# New Penn Squall sizes



## fshgut (Sep 10, 2010)

I have a catalog here that has the penn squall in three new sizes
sql25n 290/25 mono
sql30 300/30mono
sql40 300/40 mono
Do these new reels have the magnetic cast control.?


----------



## roostertail (Jul 7, 2012)

I'm looking at a Bass pro Saltwater catalog from last year and the only one it doesn't have is the Squall 25n. Would probably be a sweet reel if its got external mag control. Just a bit big maybe for my preferences but i'm sure some would love it. Anything above the 15 in this catalog is lever drag not star and I don't believe have external mag control.


----------



## Catch This (Nov 19, 2005)

Short Answer is yes, all of the squalls with the star drag have adjustable magnetic braking. Google Penn Reels, click on Conventional and then Squall.


----------



## roostertail (Jul 7, 2012)

The only Squalls with star drag are 12 and 15.


----------



## RuddeDogg (Mar 20, 2004)

roostertail said:


> The only Squalls with star drag are 12 and 15.


For now........


----------



## roostertail (Jul 7, 2012)

> For now........


 So.......You on the Penn development team or something?..


----------



## RuddeDogg (Mar 20, 2004)

roostertail said:


> So.......You on the Penn development team or something?..

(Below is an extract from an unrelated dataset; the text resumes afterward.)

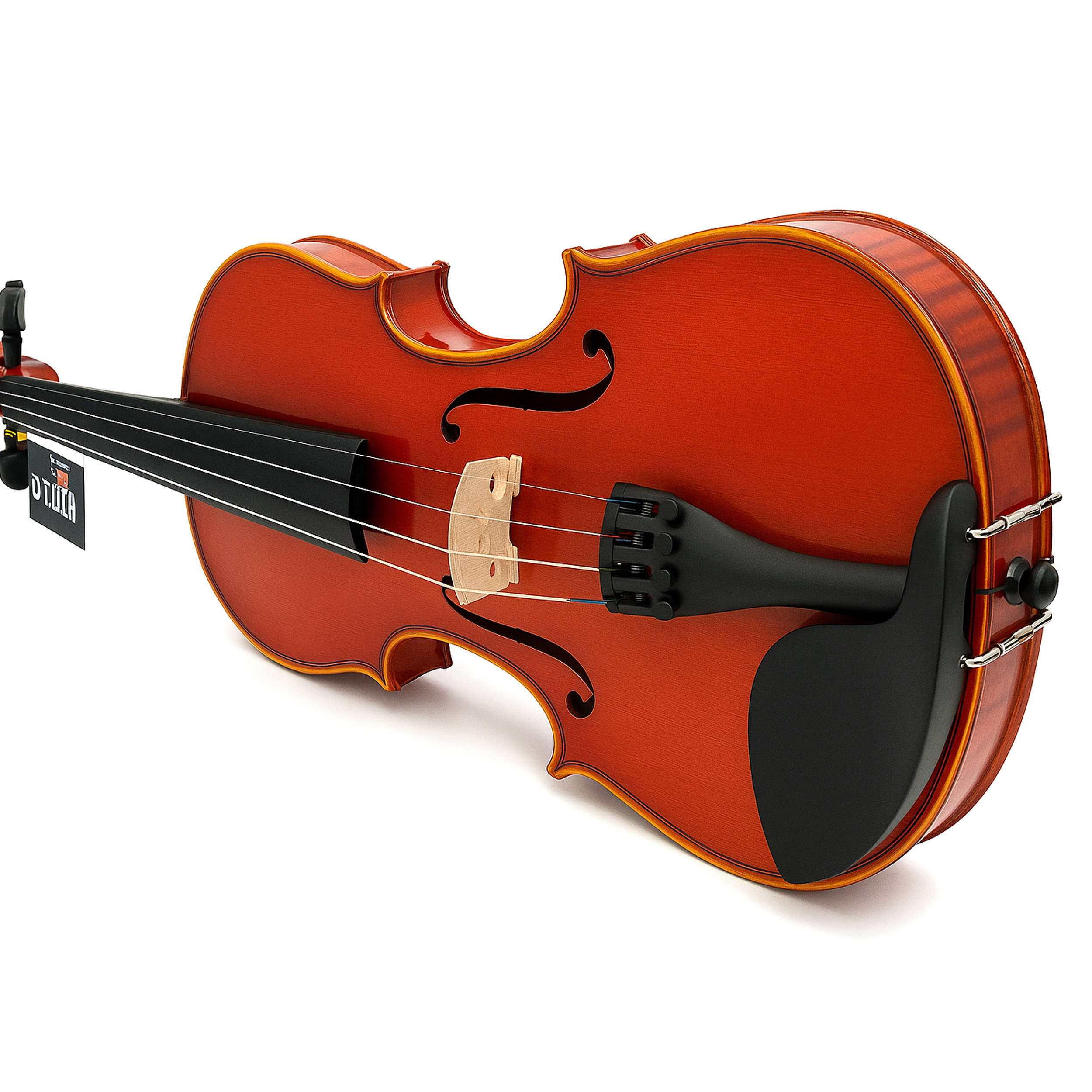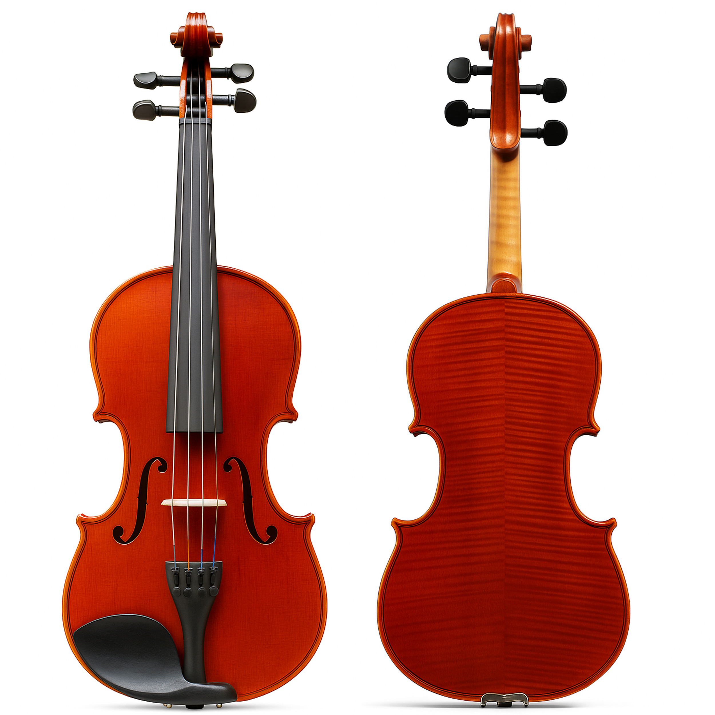 The Strauss Pro 400 Features Ebony pegs, Ebony Fingerboard, and Ebony Chinrest. Metal tailpiece with fine tuners, with Quality Strings, Brazil wood Horsehair Bow, Rosin and Violin Case. This Violin includes: Violin Case, Extra set of D'Luca Violin Strings, D'Luca Chromatic Violin Clip on Tuner an added value to your Strauss Package. 1 Year Limited Factory Warranty.

No, I just happen to know one of the distributors that comes to the bait shops around here and he said that the nee models will eventually be like the 12 and 15, is that okay? Or do we need your permission to make posts now?


----------



## roostertail (Jul 7, 2012)

No I ain't the boss here! lol! I just wondered how you knew. If someone on here said the Penn Battle is spinning reel not a conventional and I came on here and For Now you would wonder what I knew... Its all cool tho!


----------



## RuddeDogg (Mar 20, 2004)

It's all good my man, maybe I read it wrong or my cabin fever took hold of me. No harm, no foul.


----------



## roostertail (Jul 7, 2012)

I have a severe case of cabin fever myself! Man I am ready for spring!!


----------



## Orest (Jul 28, 2003)

The Squall 25N - for narrow - is a star drag but does not have mag control.


----------



## gilly21 (Feb 15, 2006)

Too bad Penn doesnt have a squall that is magged and holds ~300yrds of 17. Kinda between the 15 and the 25N. That would be my choice of drum reel if there was one.


----------



## fshgut (Sep 10, 2010)

thanks for the info.
And somthing a little smaller than the 25n would be great.


----------